- _EXERCISE MATERIALS_:
◇ ◇ ◇ ◇ ◇ ◇ ◇
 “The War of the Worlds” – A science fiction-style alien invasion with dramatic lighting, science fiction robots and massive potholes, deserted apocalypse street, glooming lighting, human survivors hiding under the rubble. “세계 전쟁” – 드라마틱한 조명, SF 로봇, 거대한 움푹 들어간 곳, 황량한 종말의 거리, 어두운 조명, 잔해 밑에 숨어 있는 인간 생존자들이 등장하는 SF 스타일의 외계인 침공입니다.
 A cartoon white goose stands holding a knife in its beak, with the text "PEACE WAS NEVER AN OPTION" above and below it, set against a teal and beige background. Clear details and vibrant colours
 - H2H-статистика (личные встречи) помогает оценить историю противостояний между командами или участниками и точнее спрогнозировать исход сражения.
◇ ◇ ◇ ◇ ◇ ◇ ◇
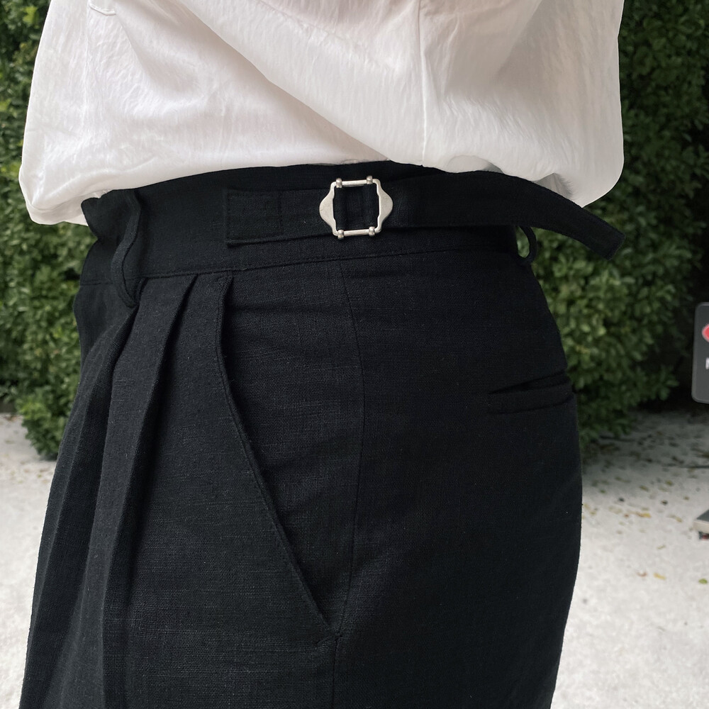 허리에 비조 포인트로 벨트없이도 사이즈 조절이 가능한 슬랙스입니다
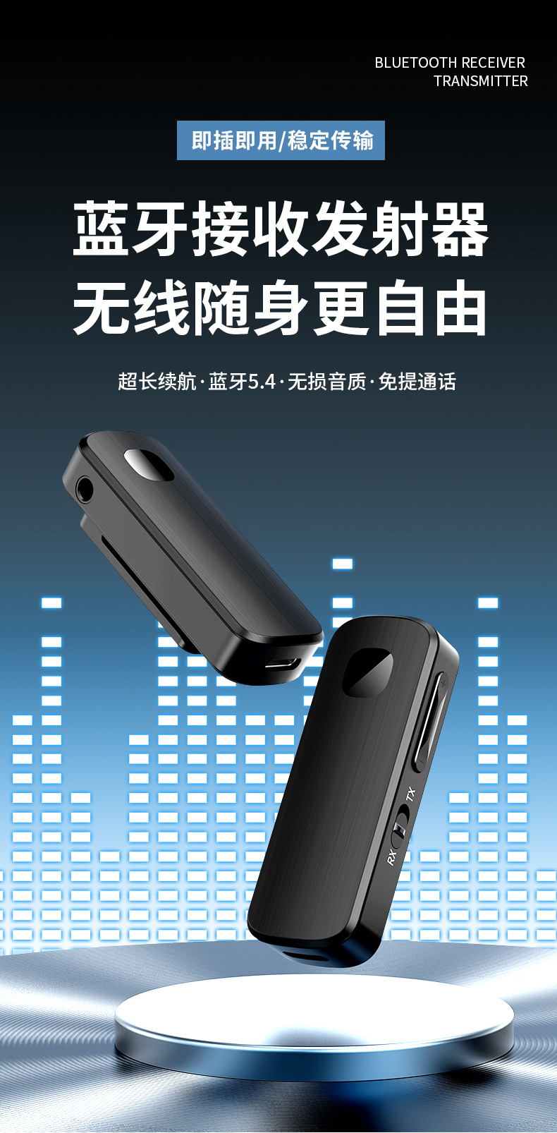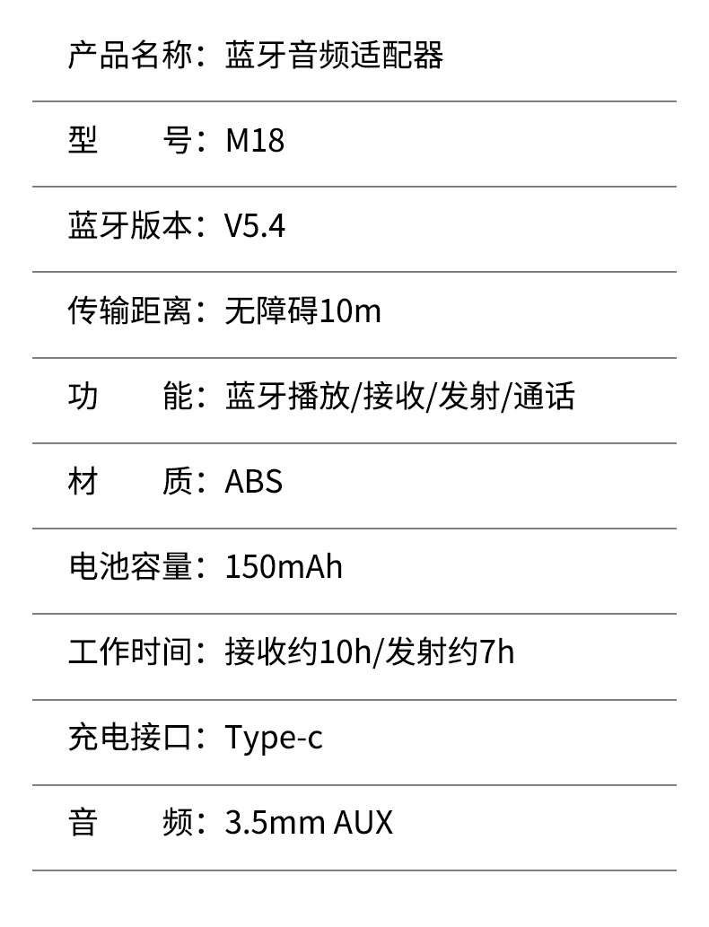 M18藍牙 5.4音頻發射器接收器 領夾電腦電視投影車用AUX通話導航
◇ ◇ ◇ ◇ ◇ ◇ ◇
- _YOUR ASSIGNMENT_: Return exactly, and only, the lines above starting at the line that contains "스타일의 외계인 침공입니다." and ending at the line that contains "- H2H-статистика (личные".

- _RESULT OF THE EXERCISE_:
 “The War of the Worlds” – A science fiction-style alien invasion with dramatic lighting, science fiction robots and massive potholes, deserted apocalypse street, glooming lighting, human survivors hiding under the rubble. “세계 전쟁” – 드라마틱한 조명, SF 로봇, 거대한 움푹 들어간 곳, 황량한 종말의 거리, 어두운 조명, 잔해 밑에 숨어 있는 인간 생존자들이 등장하는 SF 스타일의 외계인 침공입니다.
 A cartoon white goose stands holding a knife in its beak, with the text "PEACE WAS NEVER AN OPTION" above and below it, set against a teal and beige background. Clear details and vibrant colours
 - H2H-статистика (личные встречи) помогает оценить историю противостояний между командами или участниками и точнее спрогнозировать исход сражения.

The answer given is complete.